You make a volumetric representation of the space. On any given frame, for each sound emitter, you find the shortest path from the emitter to the receiver (the player). The length of this path governs the apparent volume of the sound, and the direction of the last segment of the path (that is, the direction from which the path reaches the receiver) governs the apparent direction of the sound.

Assuming the engine you're using already does basic positional audio (stereo separation and volume falloff by straight-line direction/distance) you could get Thief-like results by, at the start of the frame, moving the sound entity to the location of the second-last point of the path, and adjusting its volume based on the length of the path up to that point, like this:

https://i.imgur.com/vFiVkbs.png

The hard part of this (i.e. expensive) is the pathfinding. But it is a simple pathfinding problem, so you want to choose a volumetric representation and a pathfinding algorithm that is easy to create and maintain (unlike room brushes!) and gives you suitable performance. And all the usual pathfinding optimisations apply: for example, you ideally don't want to recalculate the entire path every frame, but only when the guard or the player has moved such that the path would have changed (in Thief, this is when either of them moves into a different room brush).
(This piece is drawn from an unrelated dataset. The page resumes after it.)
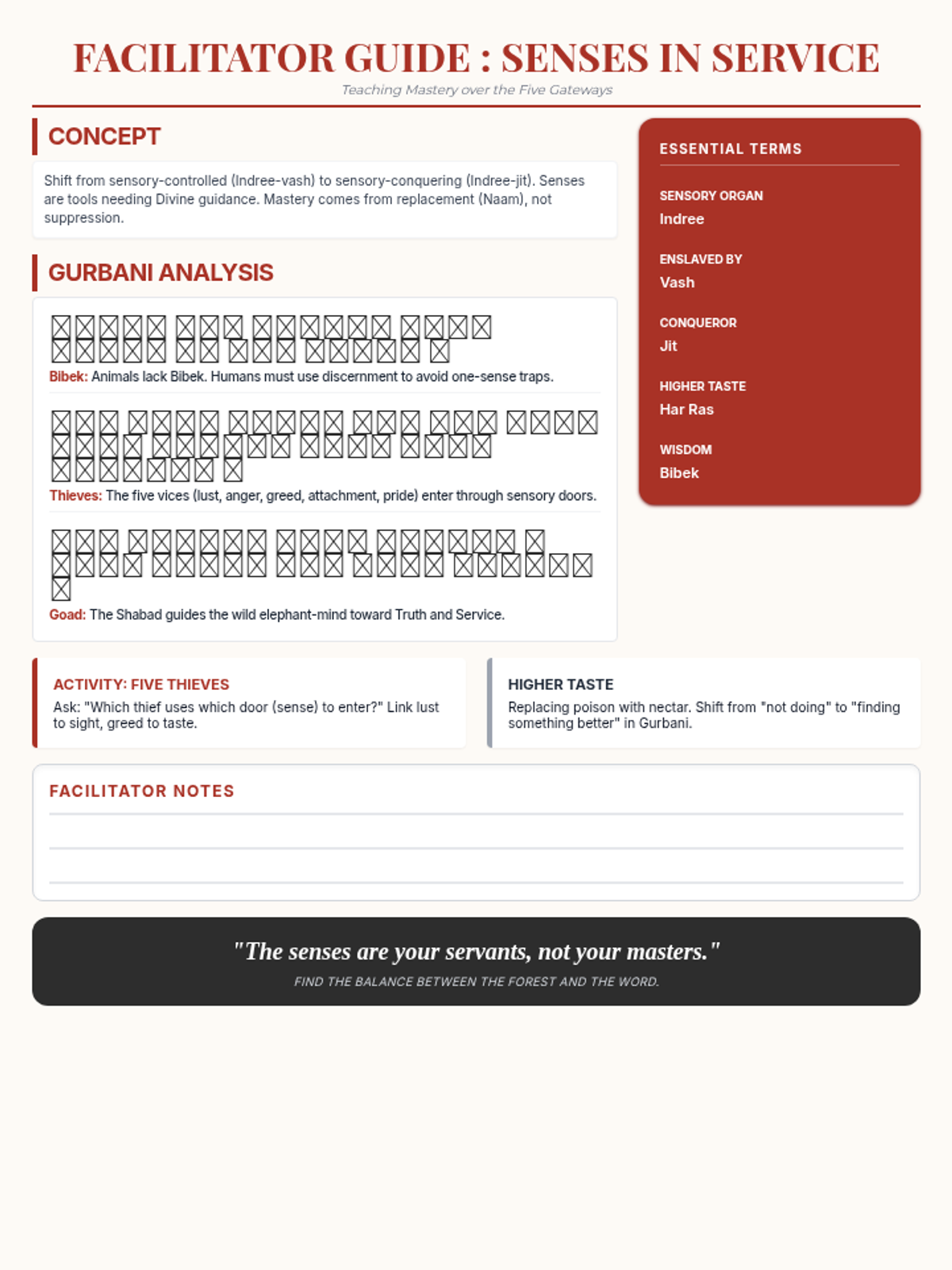 This lesson explores the Gurmat perspective on the five senses, moving from sensory bondage to spiritual mastery through the teachings found in the 'Slave to the Senses' discourse.

Once you have a system like this in place, supporting doors the way Thief does is straightforward: if the shortest path passes through a closed door, you simply multiply the sound entity's volume by an additional factor (according to how much the door should block the sound). To handle cases such as when a sound's path through a closed door is the shortest, but there is a slightly longer path through an open window beside the door—then you need to take the closed door's blocking factor into account in your pathfinding algorithm's cost function so that it prefers the window path. This is because what you really want is not the shortest path overall, but the path with least volume reduction.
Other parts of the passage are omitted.